## Dataset extract
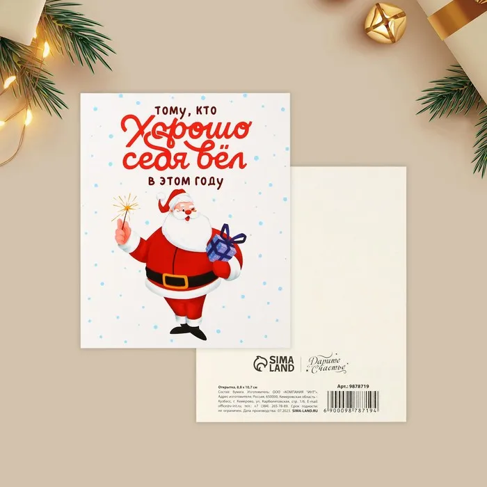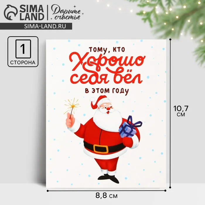 Открытка-мини «Хорошо себя вёл», Дед Мороз 10.7 х 8.8 см — Характеристики
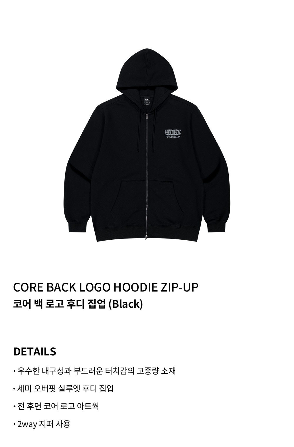 에이치덱스 코어 백 로고 후디 집업 블랙
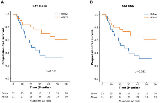 Time to progression (TTP) and subcutaneous adipose tissue cross-sectional area (SAT CSA) and index. (A) TTP (months) of subjects with SAT index above the sex-specific median compared to those below. (B) TTP (months) of subjects with SAT CSA above the sex-specific median compared to those below.
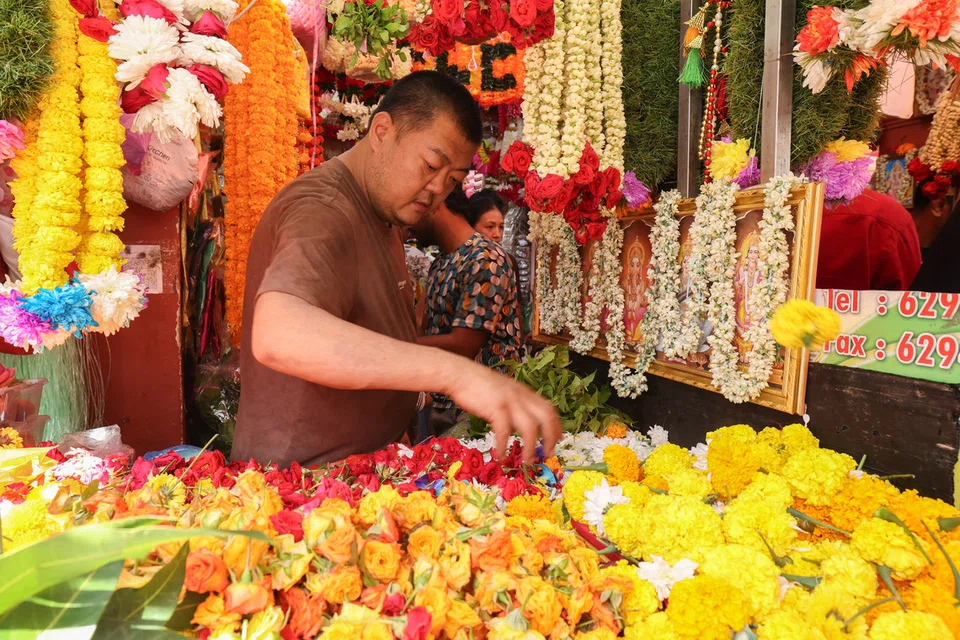 பூக்கடையில் விதவித வண்ண மலர்கள் விற்பனைக்கு. - படம்: த.கவி

## Activity
Extract the full listing above verbatim; pictures are to be left out of the copy.

## Result for this task
 Открытка-мини «Хорошо себя вёл», Дед Мороз 10.7 х 8.8 см — Характеристики
 에이치덱스 코어 백 로고 후디 집업 블랙
 Time to progression (TTP) and subcutaneous adipose tissue cross-sectional area (SAT CSA) and index. (A) TTP (months) of subjects with SAT index above the sex-specific median compared to those below. (B) TTP (months) of subjects with SAT CSA above the sex-specific median compared to those below.
 பூக்கடையில் விதவித வண்ண மலர்கள் விற்பனைக்கு. - படம்: த.கவி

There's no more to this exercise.